Bank of America disputed that characterization. “To think that somehow or other we would jeopardize investor relationships and customer relationships for the very small incremental income we would receive by delaying seems ludicrous,” said Robert V. James, the bank’s senior vice president for mortgage operations and insurance. “It’s not the right thing to do.”

Mortgage companies, some of which are affiliated with the nation’s largest banks, are paid to manage pools of loans owned by investors. The companies typically collect a percentage of the value of the loans they service. They extract their share regardless of whether borrowers are current on their payments. Indeed, their percentage often increases on delinquent loans.

Legal experts say the opportunities for additional revenue in delinquency are considerable, confronting mortgage companies with a conflict between their own financial interest in collecting fees and their responsibility to recoup money for investors who own most mortgages.

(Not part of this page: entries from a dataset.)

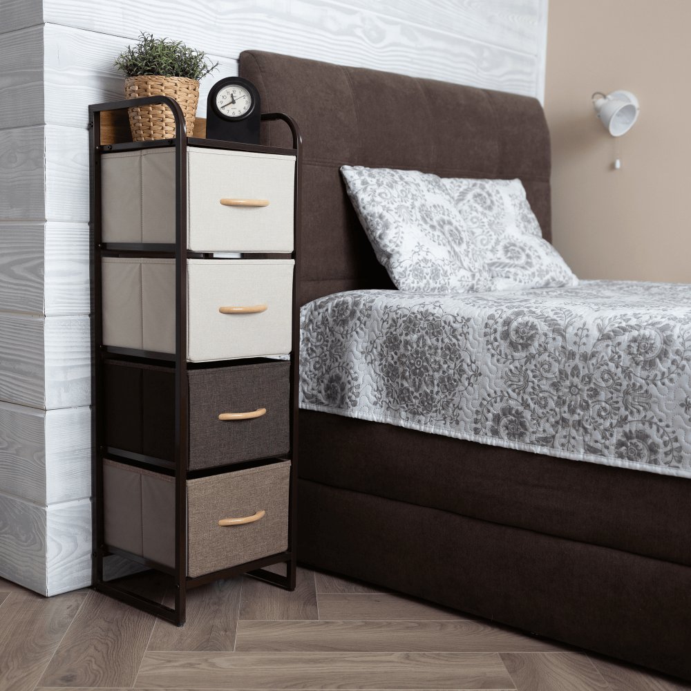 KONDELA Komoda s látkovými šuplíkmi, béžová/hnedá, HAZEL TYP 1
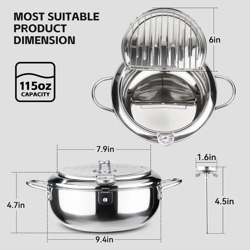 Elevate your kitchen game with our Japanese-style Tempura Deep Fryer Pot. Crafted from premium 304 food-grade stainless steel, this durable fryer offers superior heat retention and distribution, ensuring your French fries, chicken wings, and tempura come out perfectly crispy every time.
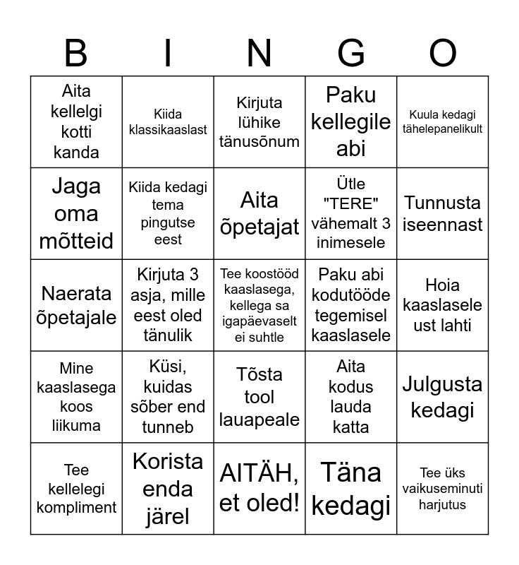 This bingo card has a free space and 24 words: Küsi, kuidas sõber end tunneb, Korista enda järel, Aita õpetajat, Tee kellelegi kompliment, Kuula kedagi tähelepanelikult, Aita kellelgi kotti kanda, Jaga oma mõtteid, Kiida klassikaaslast, Paku abi kodutööde tegemisel kaaslasele, Tõsta tool lauapeale, Ütle "TERE" vähemalt 3 inimesele, Naerata õpetajale, Aita kodus lauda katta, Julgusta kedagi, Kiida kedagi tema pingutse eest, Täna kedagi, Hoia kaaslasele ust lahti, Kirjuta lühike tänusõnum, Tunnusta iseennast, Kirjuta 3 asja, mille eest oled tänulik, Tee üks vaikuseminuti harjutus, Mine kaaslasega koos liikuma, Paku kellegile abi and AITÄH, et oled!.
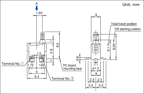 SPPB530601 产品技术参数 1.电路数:1 2.接点数:1 3.动作力:0.35N max. 4.无负载寿命:50,000 cycles 5.最小订货单位(pcs.):2,000
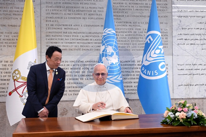 FAO Director General QU Dongyu , Pope Leo XIV during FAO Assembly on the occasion of World Food Day and the 80th anniversary of its foundation, Rome, Italy 16 Oct 2025, Credit:Maria Laura Antonelli / Avalon
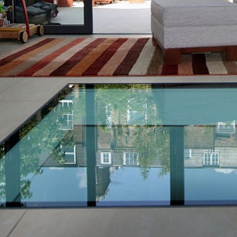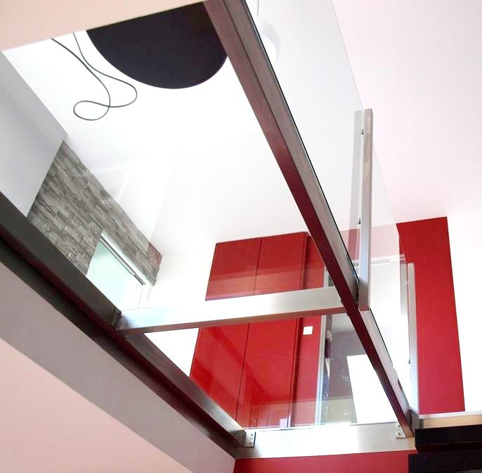 В этом случае стеклянный пол является не только декоративным элементом, он также значительно облегчает конструкцию самого перекрытия.
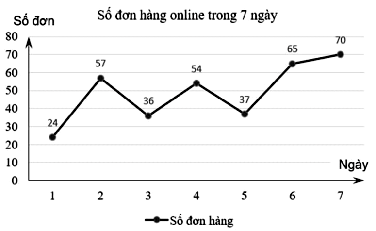 Biểu đồ đoạn thẳng trong hình vẽ dưới đây cho biết số lượng đơn đặt hàng online trong 7
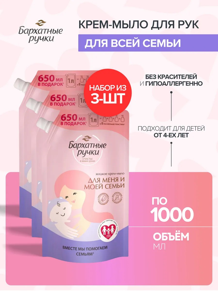 БАРХАТНЫЕ РУЧКИ Жидкое крем - мыло для рук. Для меня и семьи. 3х1000 мл
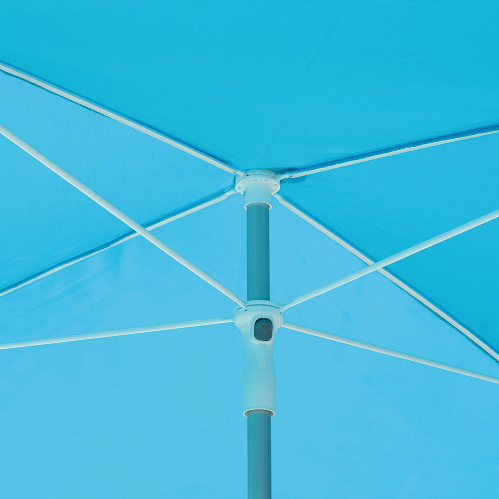 funda de tejido olefina de 190 g con alta protección UV. Altura máxima 3,03 metros. Ideal para ambientes como piscinas y hoteles, pero también para espacios domésticos como jardines y terrazas, esta sombrilla para exteriores tiene un
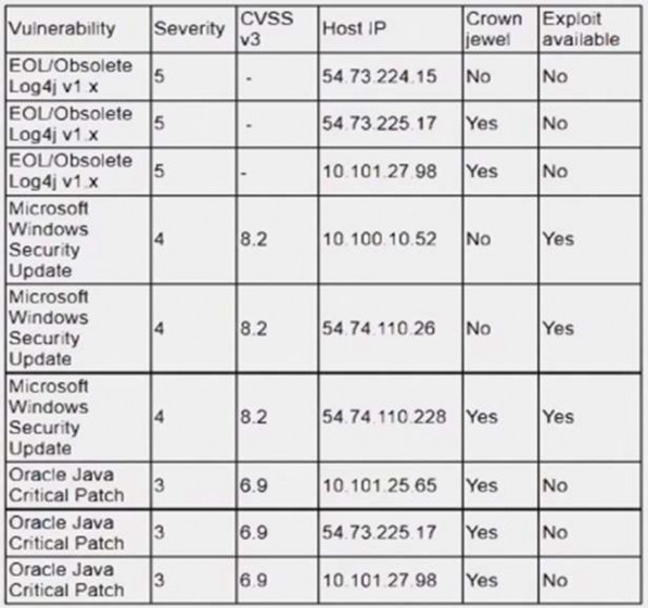 An analyst is reviewing a vulnerability report for a server environment with the following entries:
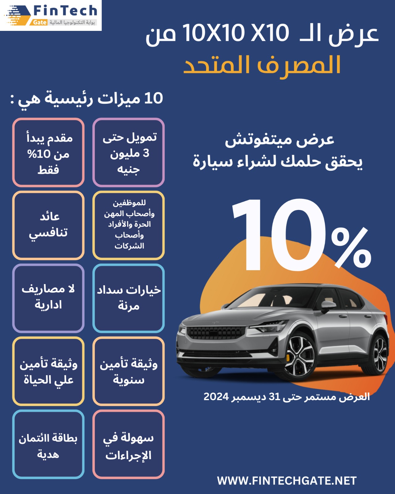 تحت شعار “عرض ميتفوتشي”, اعلن المصرف المتحد عن احدث منتج لتمويل السيارة. بهدف تلبية احتياجات العملاء وتسهيل حصولهم علي سيارة احلامهم.

“The rules by which servicers are reimbursed for expenses may provide a perverse incentive to foreclose rather than modify,” concluded a recent paper published by the Federal Reserve Bank of Boston.

Under the Obama administration’s foreclosure program, a servicer that modifies a loan for a homeowner collects $1,000 from the government, followed by $1,000 a year for each of the next three years. A senior Treasury adviser, Seth Wheeler, said these payments amounted to “meaningful incentives to servicers to help overcome the challenges and competing demands they face in considering and completing loan modifications.” He added that mortgage companies “are contractually obligated to the terms of this program, which require them to offer modifications to qualified borrowers.”

But experts say the administration’s incentives are often outweighed by the benefits of collecting fees from delinquency, and then more fees through the sale of homes in foreclosure.

“If they do a loan modification, they get a few shekels from the government,” said David Dickey, who led a mortgage sales team at Countrywide and Bank of America, leaving in March to start his own mortgage advisory firm, National Home Loan Advocates. By contrast, he said, the road to foreclosure is lined with fees, especially if it is prolonged. “There’s all sorts of things behind the scenes,” he said.

When borrowers fall behind, mortgage companies typically collect late fees reaching 6 percent of the monthly payments.

“For many subprime servicers, late fees alone constitute a significant fraction of their total income and profit,” said Diane E. Thompson, a lawyer for the National Consumer Law Center, in testimony to the Senate Banking Committee this month. “Servicers thus have an incentive to push homeowners into late payments and keep them there: if the loan pays late, the servicer is more likely to profit.”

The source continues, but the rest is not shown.